Dataset items:
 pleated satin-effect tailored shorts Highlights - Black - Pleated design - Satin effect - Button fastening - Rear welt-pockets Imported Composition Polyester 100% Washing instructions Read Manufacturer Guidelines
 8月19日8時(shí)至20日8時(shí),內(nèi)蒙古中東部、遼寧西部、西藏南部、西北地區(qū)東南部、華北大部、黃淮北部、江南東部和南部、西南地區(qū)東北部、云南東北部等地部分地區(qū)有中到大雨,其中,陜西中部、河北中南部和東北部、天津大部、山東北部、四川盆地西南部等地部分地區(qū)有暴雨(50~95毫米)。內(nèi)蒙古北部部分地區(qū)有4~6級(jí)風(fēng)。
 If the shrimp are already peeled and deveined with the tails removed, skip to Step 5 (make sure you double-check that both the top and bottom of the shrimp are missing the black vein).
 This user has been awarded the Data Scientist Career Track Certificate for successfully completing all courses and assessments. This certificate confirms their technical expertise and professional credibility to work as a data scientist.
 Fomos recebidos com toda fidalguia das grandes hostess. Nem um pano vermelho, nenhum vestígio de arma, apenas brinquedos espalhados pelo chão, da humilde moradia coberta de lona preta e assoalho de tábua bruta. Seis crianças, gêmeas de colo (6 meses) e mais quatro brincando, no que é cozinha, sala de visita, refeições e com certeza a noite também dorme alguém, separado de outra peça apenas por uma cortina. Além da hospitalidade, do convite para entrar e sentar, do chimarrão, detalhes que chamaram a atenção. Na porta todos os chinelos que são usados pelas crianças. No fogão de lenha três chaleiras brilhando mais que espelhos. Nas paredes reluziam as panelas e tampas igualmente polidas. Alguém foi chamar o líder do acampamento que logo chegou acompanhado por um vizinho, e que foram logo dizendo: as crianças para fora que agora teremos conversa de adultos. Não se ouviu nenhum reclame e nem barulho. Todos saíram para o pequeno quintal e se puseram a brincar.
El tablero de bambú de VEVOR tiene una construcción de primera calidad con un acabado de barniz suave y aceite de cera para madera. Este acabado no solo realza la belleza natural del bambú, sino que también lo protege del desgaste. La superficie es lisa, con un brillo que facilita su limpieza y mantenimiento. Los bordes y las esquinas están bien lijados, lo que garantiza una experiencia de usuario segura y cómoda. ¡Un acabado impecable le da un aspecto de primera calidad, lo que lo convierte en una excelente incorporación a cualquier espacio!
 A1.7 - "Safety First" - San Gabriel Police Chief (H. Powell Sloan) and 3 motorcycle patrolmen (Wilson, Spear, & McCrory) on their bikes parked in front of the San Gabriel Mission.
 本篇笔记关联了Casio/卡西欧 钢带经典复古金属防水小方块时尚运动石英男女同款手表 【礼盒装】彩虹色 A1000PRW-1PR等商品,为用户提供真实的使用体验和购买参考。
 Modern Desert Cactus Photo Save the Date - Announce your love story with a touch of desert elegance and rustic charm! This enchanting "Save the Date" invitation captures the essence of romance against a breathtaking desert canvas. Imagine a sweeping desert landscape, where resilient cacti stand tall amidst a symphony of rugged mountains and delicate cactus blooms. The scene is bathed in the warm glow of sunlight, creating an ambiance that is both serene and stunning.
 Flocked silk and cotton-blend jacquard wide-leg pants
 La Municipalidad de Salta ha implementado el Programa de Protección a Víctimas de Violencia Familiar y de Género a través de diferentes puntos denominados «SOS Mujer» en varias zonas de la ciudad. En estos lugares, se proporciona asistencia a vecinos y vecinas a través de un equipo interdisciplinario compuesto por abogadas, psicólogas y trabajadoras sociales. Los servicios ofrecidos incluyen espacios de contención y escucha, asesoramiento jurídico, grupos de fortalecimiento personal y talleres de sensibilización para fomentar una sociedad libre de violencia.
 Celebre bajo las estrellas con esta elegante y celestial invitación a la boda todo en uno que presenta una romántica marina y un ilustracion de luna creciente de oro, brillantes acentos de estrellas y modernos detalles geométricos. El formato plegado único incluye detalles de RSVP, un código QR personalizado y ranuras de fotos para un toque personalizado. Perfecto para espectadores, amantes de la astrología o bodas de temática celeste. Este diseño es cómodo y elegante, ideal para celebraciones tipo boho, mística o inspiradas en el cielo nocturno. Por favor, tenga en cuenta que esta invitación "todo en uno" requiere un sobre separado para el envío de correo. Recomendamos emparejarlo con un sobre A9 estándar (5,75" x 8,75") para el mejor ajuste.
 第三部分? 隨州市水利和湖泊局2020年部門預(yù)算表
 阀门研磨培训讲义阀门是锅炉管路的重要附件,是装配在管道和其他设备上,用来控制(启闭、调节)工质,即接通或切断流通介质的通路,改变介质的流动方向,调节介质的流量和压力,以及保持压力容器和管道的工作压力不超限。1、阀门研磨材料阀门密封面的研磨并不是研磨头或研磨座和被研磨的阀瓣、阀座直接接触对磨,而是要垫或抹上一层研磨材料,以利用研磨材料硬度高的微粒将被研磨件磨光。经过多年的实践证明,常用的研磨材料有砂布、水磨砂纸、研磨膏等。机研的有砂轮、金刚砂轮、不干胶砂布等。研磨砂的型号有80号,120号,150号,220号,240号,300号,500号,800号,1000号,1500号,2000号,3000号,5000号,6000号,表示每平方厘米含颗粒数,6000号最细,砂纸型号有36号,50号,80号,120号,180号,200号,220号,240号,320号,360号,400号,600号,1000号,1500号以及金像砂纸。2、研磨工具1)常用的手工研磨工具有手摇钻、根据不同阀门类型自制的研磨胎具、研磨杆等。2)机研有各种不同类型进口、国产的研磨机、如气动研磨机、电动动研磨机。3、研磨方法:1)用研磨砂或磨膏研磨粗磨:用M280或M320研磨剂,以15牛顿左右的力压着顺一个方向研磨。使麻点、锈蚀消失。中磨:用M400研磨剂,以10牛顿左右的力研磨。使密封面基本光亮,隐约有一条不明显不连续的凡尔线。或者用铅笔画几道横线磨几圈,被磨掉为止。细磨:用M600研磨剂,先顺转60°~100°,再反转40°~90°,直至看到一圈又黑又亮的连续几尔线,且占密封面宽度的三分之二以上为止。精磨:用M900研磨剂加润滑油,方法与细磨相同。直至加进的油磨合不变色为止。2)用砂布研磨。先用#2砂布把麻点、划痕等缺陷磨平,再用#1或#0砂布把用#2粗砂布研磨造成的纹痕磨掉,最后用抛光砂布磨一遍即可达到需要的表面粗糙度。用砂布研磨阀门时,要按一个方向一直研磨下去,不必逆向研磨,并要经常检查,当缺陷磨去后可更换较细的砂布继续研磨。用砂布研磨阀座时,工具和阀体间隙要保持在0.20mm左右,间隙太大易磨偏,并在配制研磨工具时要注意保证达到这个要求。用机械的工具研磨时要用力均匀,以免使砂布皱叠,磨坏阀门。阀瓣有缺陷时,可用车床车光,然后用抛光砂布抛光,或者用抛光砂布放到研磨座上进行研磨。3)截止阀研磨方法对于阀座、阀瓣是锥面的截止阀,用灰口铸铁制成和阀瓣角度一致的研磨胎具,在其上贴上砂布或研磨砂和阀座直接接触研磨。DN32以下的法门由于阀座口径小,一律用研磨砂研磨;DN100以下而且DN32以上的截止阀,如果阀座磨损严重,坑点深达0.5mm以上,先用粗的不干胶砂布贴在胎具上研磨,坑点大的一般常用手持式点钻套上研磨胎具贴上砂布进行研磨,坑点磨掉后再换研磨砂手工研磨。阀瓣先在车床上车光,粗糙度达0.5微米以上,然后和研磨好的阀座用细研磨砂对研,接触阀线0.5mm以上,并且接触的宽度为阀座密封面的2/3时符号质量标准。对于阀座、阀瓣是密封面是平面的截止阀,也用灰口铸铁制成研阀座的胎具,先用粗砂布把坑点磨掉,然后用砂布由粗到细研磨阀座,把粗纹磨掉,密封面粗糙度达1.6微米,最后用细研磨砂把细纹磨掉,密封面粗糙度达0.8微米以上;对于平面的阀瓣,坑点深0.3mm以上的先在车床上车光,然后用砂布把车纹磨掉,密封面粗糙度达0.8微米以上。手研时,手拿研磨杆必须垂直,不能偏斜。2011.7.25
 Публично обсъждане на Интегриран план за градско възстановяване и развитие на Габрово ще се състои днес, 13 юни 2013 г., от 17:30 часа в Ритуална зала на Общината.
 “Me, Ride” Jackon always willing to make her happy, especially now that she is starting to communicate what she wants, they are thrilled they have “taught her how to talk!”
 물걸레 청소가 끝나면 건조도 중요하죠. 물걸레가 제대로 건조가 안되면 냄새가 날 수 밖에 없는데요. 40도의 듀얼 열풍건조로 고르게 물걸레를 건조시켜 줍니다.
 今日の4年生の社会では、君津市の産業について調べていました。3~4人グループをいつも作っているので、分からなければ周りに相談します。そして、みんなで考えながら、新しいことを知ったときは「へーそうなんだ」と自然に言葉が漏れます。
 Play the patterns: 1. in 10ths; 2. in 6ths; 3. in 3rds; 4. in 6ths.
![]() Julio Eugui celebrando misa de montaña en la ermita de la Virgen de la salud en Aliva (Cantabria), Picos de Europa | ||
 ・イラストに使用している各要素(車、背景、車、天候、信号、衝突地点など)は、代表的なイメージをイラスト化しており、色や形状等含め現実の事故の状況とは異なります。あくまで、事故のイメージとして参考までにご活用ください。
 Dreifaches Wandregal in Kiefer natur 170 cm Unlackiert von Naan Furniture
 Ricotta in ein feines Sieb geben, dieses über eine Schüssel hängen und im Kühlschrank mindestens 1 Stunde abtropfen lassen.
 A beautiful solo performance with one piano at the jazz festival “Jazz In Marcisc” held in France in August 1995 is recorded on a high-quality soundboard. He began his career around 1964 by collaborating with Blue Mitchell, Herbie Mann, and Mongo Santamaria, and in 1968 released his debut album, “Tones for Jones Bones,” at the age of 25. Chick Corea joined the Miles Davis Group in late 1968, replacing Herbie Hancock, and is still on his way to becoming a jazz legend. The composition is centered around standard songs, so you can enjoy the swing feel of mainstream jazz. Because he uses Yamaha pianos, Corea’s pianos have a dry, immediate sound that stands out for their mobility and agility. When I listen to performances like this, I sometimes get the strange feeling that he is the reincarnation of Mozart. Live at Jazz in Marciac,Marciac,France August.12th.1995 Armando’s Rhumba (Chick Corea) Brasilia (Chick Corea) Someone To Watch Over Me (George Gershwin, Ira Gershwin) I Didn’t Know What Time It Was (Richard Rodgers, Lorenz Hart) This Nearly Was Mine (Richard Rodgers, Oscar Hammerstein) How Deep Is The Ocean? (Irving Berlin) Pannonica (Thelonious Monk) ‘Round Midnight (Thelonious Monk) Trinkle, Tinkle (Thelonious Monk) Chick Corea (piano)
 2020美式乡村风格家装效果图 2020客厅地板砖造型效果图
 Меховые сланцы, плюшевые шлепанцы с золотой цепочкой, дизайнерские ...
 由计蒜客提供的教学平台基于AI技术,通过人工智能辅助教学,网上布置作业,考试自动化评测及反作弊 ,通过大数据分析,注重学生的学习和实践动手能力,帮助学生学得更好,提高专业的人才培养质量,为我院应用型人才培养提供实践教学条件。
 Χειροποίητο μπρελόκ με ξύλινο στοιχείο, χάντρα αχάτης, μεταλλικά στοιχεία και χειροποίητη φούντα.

- WHAT YOU ARE ASKED TO DO -
For each line above that contains the word "both", copy that line.

- SOLUTION TO THIS EXERCISE -
 If the shrimp are already peeled and deveined with the tails removed, skip to Step 5 (make sure you double-check that both the top and bottom of the shrimp are missing the black vein).
 Modern Desert Cactus Photo Save the Date - Announce your love story with a touch of desert elegance and rustic charm! This enchanting "Save the Date" invitation captures the essence of romance against a breathtaking desert canvas. Imagine a sweeping desert landscape, where resilient cacti stand tall amidst a symphony of rugged mountains and delicate cactus blooms. The scene is bathed in the warm glow of sunlight, creating an ambiance that is both serene and stunning.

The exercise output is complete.